La disminución de las ventas fue relativamente significativa en varios giros, según los datos de la CNCS, como el caso de las “Ferreterías mayoristas” (22,5%), “Ferreterías y pinturerías” (26,8%), “Ópticas” (12,2%) y “Artículos de confitería” (7,2%). En “Autos y camionetas” la caída fue de 25,2%, y de 23,5% en “Maquinaria agrícola”.
Solo uno de los 26 giros relevados tuvo crecimiento: fue el caso de los artículos de bazar en supermercados (4,6%).
Energía.
La producción en este sector fue despareja por rubros energéticos.
La generación de electricidad aumentó 6%, según datos de UTE. Eso fue por el incremento de la producción eólica y de biomasa (100% y 37% respectivamente), que compensaron la menor actividad de las represas hidroeléctricas (–9%) y de las usinas térmicas (–40%).
El consumo de gas natural tuvo evoluciones disímiles por regiones.
En la capital disminuyó 2%, informó Montevideo Gas. En el interior también bajó (3%) en los departamentos al norte del río Negro pero subió (7,5%) en los sureños, conforme con estadísticas de la Dirección de Energía del Ministerio del ramo.
Transporte y comunicaciones.
La evolución de la actividad fue dispar en este sector.
El transporte de pasajeros se vio afectado por el deterioro del mercado laboral y el de carga por la contracción del comercio exterior.
Algunas empresas de camiones informaron que los viajes al exterior cayeron 36%.
La actividad aumentó en algunas terminales y bajó en otras, según datos de la Administración Nacional de Puertos.
En Montevideo se movilizaron 5% más de contenedores (carga y descarga), pero se redujo la cantidad de buques arribados. Eso, en parte, se debió a que los nuevos barcos tienen mayor capacidad de carga.
En Colonia se incrementó tanto la cantidad de buques como del flujo de pasajeros (14% y 23%), pero disminuyeron (31%) las toneladas movilizadas.
El transporte colectivo de Montevideo redujo su actividad 7%, según la venta de boletos informada por las compañías.
En comunicaciones, la actividad postal mostró datos contrapuestos, ya que mientras se entregó un 1% más de cartas y otros mensajes, bajó 25% la cantidad de paquetes certificados, de acuerdo con datos de El Correo estatal.
En telefonía, algunas compañías privadas informaron que se mantuvo la cantidad de celulares operando y que hubo un mínimo descenso en términos reales en la facturación global. Antel, la principal compañía, no proporcionó datos.
Servicios.
La actividad en el sector de servicios fue disímil.

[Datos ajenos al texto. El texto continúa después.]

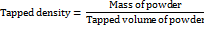 The tapped density was obtained by mechanically tapping a graduated measuring cylinder having 20 g of the prepared powder sample using bulk density apparatus till constant volume followed by calculations using the following formula [17]-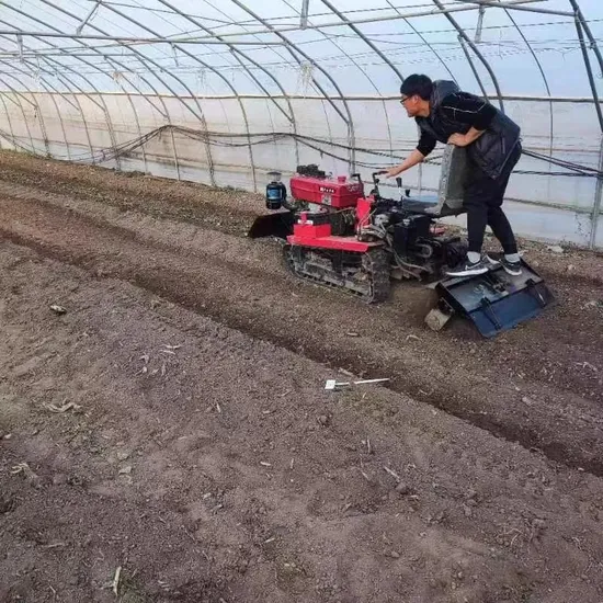 Mini Train Tracked Rotary Tiller With Diesel Engine are provided with rotary ploughing, furrowing, weeding, fertilizing, pesticide application, backfilling, ridge and bulldozing with their attachments quick hitched and thus its utilization up greatly.In addition, they are easy to operate and transport and flexible to work at narrow site. The frame design is reasonable, using thick steel plate, strong and durable, reducing the vibration generated by the engine and prolonging the life of the machine. The engine adopts 25 horsepower diesel engine. 25 horsepower adopts a customized all-gear gearbox. The front gearbox has 3 forward gears, 1 reverse gear, and a working connection box at the rear. It can be used with a large number of agricultural tools such as rotary tillage and ditching. The left and right steering adopts a tie rod mechanism, which is easy to operate, not easy to damage and malfunction.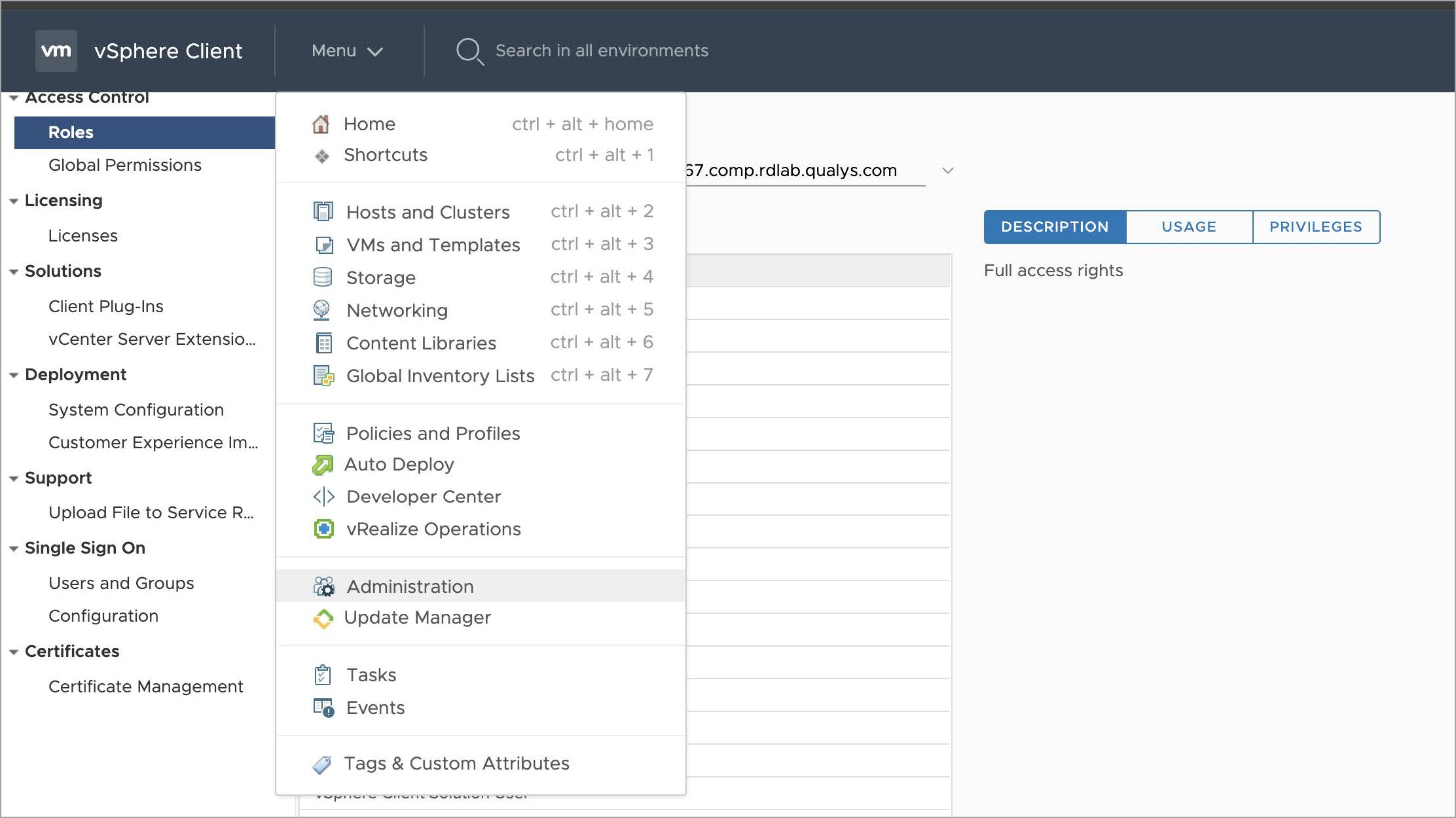 - Login to vSphere Client. Navigate to Menu > Administration.

Entre los relacionados con el turismo, disminuyeron las ventas de las agencias de viaje (4,2%) y de la hotelería de tres y cuatro estrellas (8,2% y 6,6%, respectivamente), según la CNCS. Eso ocurrió a pesar de que la cantidad de visitantes aumentó 18,5%, si bien su estadía promedio fue más corta (6,5 días). A su vez, el gasto realizado por los turistas arribados desde el exterior fue 9,4% mayor en términos reales, calculó Búsqueda a partir de las estadísticas del Ministerio de Turismo.
Los servicios notariales se contrajeron, en un contexto de enlentecimiento del mercado automotor y el inmobiliario, surge de datos de la caja de jubilaciones de los escribanos.

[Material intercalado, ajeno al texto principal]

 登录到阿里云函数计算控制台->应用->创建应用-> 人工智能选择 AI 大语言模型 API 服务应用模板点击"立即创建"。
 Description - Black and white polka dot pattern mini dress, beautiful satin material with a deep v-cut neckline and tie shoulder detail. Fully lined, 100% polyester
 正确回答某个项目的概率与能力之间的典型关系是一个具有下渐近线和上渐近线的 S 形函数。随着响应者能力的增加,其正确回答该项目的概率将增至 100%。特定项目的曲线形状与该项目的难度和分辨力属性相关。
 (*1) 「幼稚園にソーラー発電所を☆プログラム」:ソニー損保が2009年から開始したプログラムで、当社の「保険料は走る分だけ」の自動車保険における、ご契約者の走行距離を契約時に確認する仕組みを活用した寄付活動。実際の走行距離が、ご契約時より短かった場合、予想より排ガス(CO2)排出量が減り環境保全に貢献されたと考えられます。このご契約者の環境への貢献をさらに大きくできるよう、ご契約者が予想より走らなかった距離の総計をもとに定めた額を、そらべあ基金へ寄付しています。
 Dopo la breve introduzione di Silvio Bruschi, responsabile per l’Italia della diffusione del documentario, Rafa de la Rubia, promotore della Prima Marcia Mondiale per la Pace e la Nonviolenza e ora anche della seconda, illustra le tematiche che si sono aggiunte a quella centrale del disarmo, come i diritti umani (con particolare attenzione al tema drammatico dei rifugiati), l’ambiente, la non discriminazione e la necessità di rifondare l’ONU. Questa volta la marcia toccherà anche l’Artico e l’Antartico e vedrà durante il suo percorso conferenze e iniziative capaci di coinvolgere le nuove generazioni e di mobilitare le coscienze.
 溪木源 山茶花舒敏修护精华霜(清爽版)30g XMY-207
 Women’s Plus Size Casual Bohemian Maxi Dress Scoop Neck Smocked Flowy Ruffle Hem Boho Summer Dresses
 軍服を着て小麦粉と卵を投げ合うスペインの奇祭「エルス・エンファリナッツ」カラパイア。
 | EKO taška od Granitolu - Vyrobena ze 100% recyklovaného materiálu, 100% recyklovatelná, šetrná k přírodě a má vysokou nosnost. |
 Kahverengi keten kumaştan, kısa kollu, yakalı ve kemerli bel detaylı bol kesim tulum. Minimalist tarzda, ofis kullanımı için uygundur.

Es que bajó 2,5% la recaudación del Montepío aportado por esos profesionales por sus actuaciones, así como la venta de timbres registrales (14%) y de papel notarial (9%).

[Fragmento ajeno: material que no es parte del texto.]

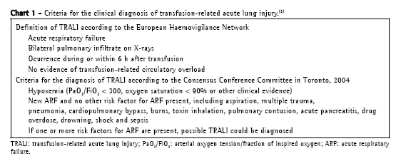 According to the most recent Consensus Conference on TRALI, the diagnosis of that reaction is made in patients with the occurrence of acute respiratory distress during or within 6 h after transfusion without any sign of circulatory overload, evidence of bilateral pulmonary edema and the absence of additional risk factors for acute respiratory failure. The criterion for the clinical diagnosis of TRALI is summarized in Chart 1. The differential diagnosis of patients with acute respiratory failure unrelated to TRALI includes transfusion-related circulatory overload, cardiogenic edema, allergic and anaphylactic transfusion reactions as well as the transfusion of bacteria-contaminated blood components.(2)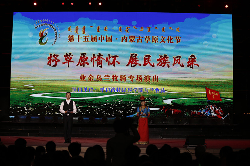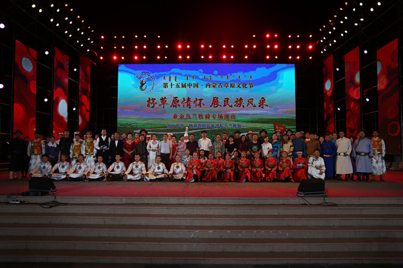 “第15届中国·内蒙古草原文化节beat365英国官方网站乌兰牧骑专场演出”于8月29日晚8时在呼和浩特市如意广场露天舞台举行。自治区党委宣传部高校企业处处长孙国铭、自治区党委宣传部文艺处处长乌云格日勒、beat365官网党委书记孙国权、党委副书记胡春梅、副院长阿拉坦仓、学校乌兰牧骑队长王玉玲莅临现场观看演出。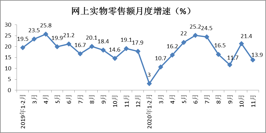 1-11月份网上实物商品零售额实现87792亿元,同比增长15.7%,增速较1-10月份放缓0.3个百分点,占社会消费品零售总额的比重为25%。其中,11月份网上实物商品零售额增长13.9%,增速环比放缓7.5个百分点,低于上年同期5.2个百分点。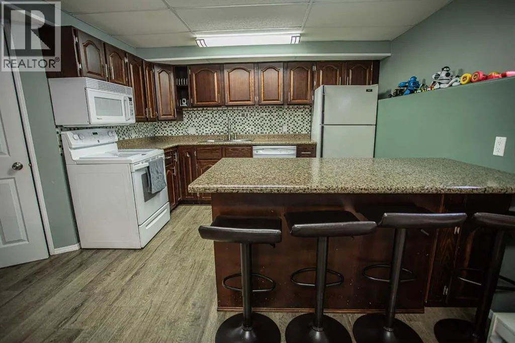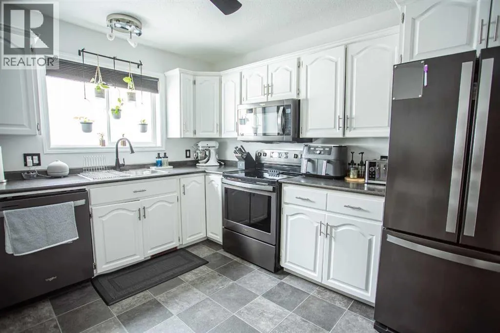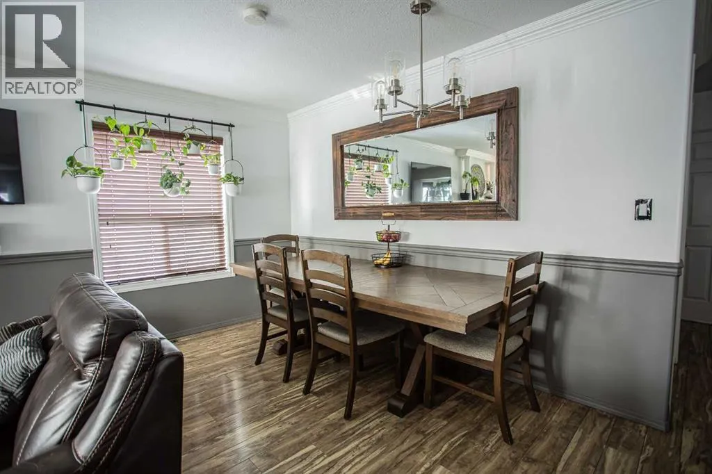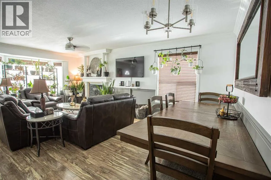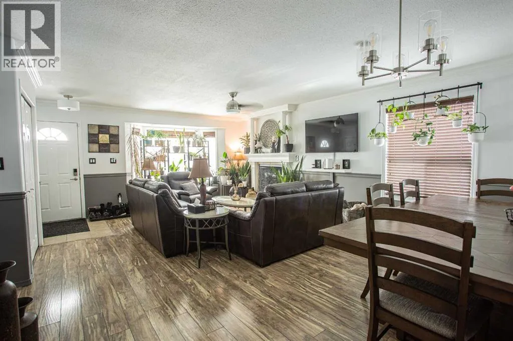 Welcome to 10204 Chinchaga Drive in High Level, Alberta ! This contemporary home boasts 5 Bedrooms, and 3 Bathrooms spread among 2 distinct living spaces, including a lower level suite. It's a wonderful rare opportunity that offers remarkable versatility -- ideal for the multi-family or intergenerational living, or perfect for an AirBnB. Step into the tiled foyer, and a spacious open-concept Living/Dining Room with crown moulding. A picture window invites cheery, warm sunshine in the Living Room where a natural gas fireplace is ready to provide cozy comfort, and ambiance on those cooler evenings. The Dining Room offers space for your cherished China cabinet, and plenty of room for the dining table to enjoy the sit down meals with family and friends. The bright crisp white Kitchen features high-end appliances, with space for either a coffee bar or your breakfast bistro, as well as a handy pantry closet nearby to make the layout not only functional but also inviting for the whole family. A hallway nearby hosts a generous peaceful Primary Bedroom Suite, complete with double closets, and a 3-piece ensuite. Two additional Bedrooms provide space for family, guests, hobbies, or home offices. There's also a 4-piece Main Bath with a tub/shower combo. A staircase leads down to the fully finished Guest Suite with 2 Bedrooms, and a full Bath, including an open-concept Kitchen, Living Room, and Dining Area -- perfect for the extended family, in-laws, or longtime family friends. The fully fenced backyard features sunny North-eastern exposure, grassy areas for children and pets, and a Garden Shed. Beside the back fence sits the raised garden beds where you can grow your own fresh herbs and veggies. Add to this the superb location, steps away from the walking trails and schools, this home is the PERFECT home for those looking to start their small town living ! (id:27476)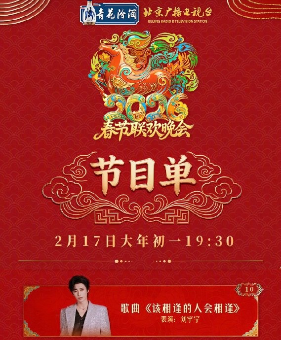 刘宇宁演绎治愈金曲《该相逢的人会再相逢》(第10个节目),连续两年亮相北京台春晚。
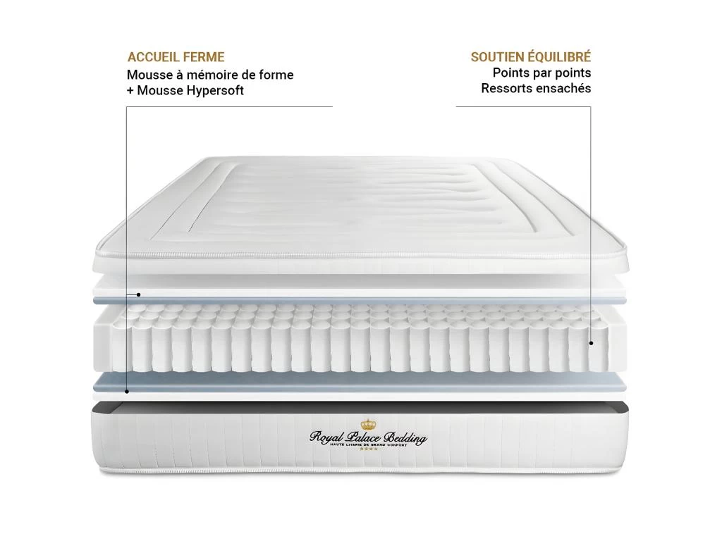 • Accueil : Ferme avec 2,5 cm de mousse polyuréthane à mémoire de forme + soft
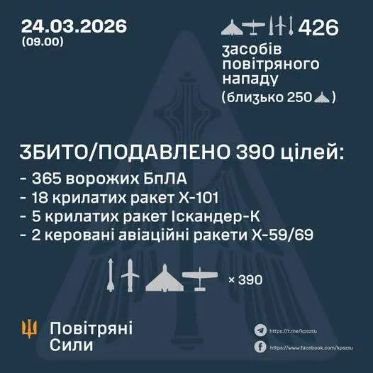 За попередніми даними, станом на 09.00, протиповітряною обороною збито/подавлено 390 цілей – 25 ракет та 365 безпілотників різних типів: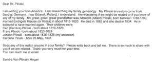 Zainteresowała mnie bardzo treść tego listu, a szczególnie jego nadawca. Nigdy dotychczas, jak pamiętam, w domu nie mówiło się, w każdym razie ja nie słyszałem o tym, że mamy rodzinę w Stanach Zjednoczonych. Całkowitym zaskoczeniem było dla mnie to, że nadawca tego listu, pani Sandra Hogan używa w nazwisku „Von Plinsky”. Bardzo ograniczone informacje, które udało mi się wiele lat temu uzyskać od wujka Antoniego z Żarnowca nie pozwalały absolutnie ustosunkować się do danych zawartych w jej liście. Dane te obejmowały okres znacznie wcześniejszy niż to co przekazał mi wujek Antoni. O jakichkolwiek dokumentach rodzinnych, czy wręcz rodowych nigdy nie słyszałem. Tak więc nie byłem przygotowany wówczas na jakąkolwiek sensowną korespondencję z Sandrą. Był to zresztą dla mnie wtedy dość trudny okres, byłem bardzo zajęty przekazywaniem funkcji rektora Uniwersytetu Gdańskiego mojemu następcy. Nie chcąc jednak tracić kontaktu z nadawcą listu, wysłałem do Sandry dnia 12 sierpnia 2002 roku krótką notkę, w której piszę, że jest duże prawdopodobieństwo iż jesteśmy spokrewnieni, gdyż moja rodzina również pochodzi z rejonu Gdańska. Jednakże wszelkie dokumenty rodzinne, jeżeli były, to niestety zaginęły podczas pierwszej, a szczególnie drugiej wojny światowej. Wspomniałem ponadto, że teraz będę miał czas na poszukiwania śladów mojego drzewa genealogicznego. Wiele czasu jednak minęło. Swoim drzewem genealogicznym zająłem się dopiero w 2004 roku.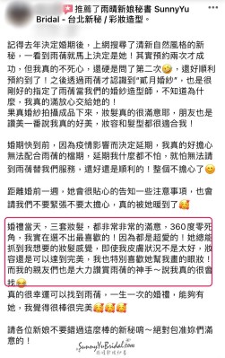 朋友說妳可以天天綁這樣嗎?新娘說那我要天天請雨晴幫我造型嗎

Los servicios de soporte técnico en informática disminuyeron 11%, según la encuesta de la CNCS.
La actividad bancaria tradicional mostró datos contrapuestos, con reducción en el volumen de concesión de créditos pero mayor captación de depósitos del público, surge de los balances de las instituciones financieras.
En el rubro asegurador hubo aumento de casi 10% en la producción de pólizas, por las mayores ventas en la rama de vida previsional, incendio y robos, informó el martes 17 el BCU. Bajaron accidentes y transporte, entre otros.